● **Exercise**
Would you reproduce every record exactly, leaving out the pictures?

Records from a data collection
============================================================
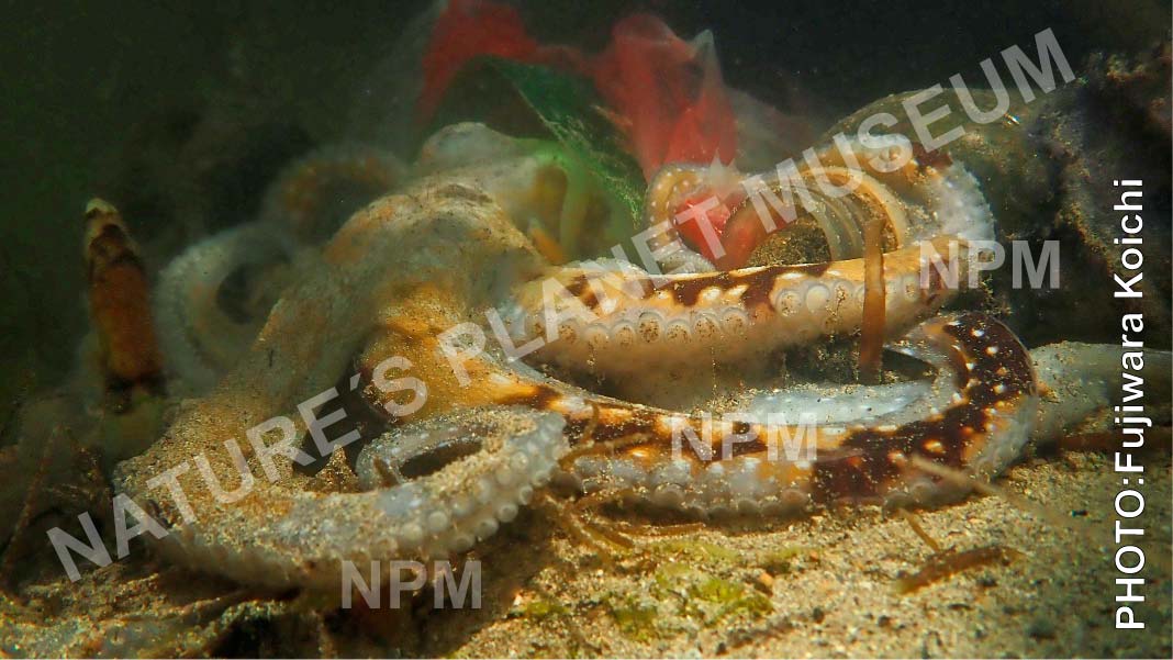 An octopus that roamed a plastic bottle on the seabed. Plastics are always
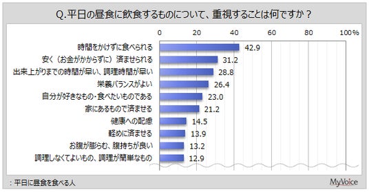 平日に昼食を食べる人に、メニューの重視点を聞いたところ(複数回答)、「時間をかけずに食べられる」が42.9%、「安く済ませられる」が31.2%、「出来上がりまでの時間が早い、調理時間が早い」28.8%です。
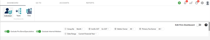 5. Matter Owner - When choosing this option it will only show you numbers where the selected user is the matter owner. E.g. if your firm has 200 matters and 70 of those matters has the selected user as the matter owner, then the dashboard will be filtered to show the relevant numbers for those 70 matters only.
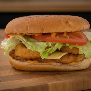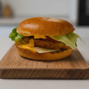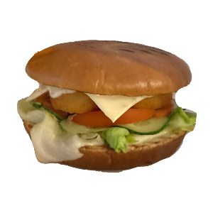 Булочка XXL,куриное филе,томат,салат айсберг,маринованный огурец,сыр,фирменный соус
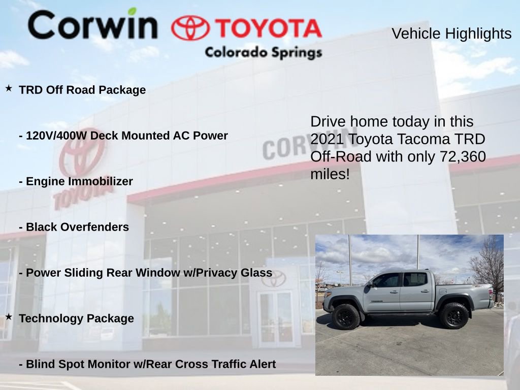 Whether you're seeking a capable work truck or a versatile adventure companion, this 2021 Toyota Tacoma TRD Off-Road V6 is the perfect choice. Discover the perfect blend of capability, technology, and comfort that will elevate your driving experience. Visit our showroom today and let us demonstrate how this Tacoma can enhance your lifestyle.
============================================================
● **Completed exercise**
 An octopus that roamed a plastic bottle on the seabed. Plastics are always
 平日に昼食を食べる人に、メニューの重視点を聞いたところ(複数回答)、「時間をかけずに食べられる」が42.9%、「安く済ませられる」が31.2%、「出来上がりまでの時間が早い、調理時間が早い」28.8%です。
 5. Matter Owner - When choosing this option it will only show you numbers where the selected user is the matter owner. E.g. if your firm has 200 matters and 70 of those matters has the selected user as the matter owner, then the dashboard will be filtered to show the relevant numbers for those 70 matters only.
 Булочка XXL,куриное филе,томат,салат айсберг,маринованный огурец,сыр,фирменный соус
 Whether you're seeking a capable work truck or a versatile adventure companion, this 2021 Toyota Tacoma TRD Off-Road V6 is the perfect choice. Discover the perfect blend of capability, technology, and comfort that will elevate your driving experience. Visit our showroom today and let us demonstrate how this Tacoma can enhance your lifestyle.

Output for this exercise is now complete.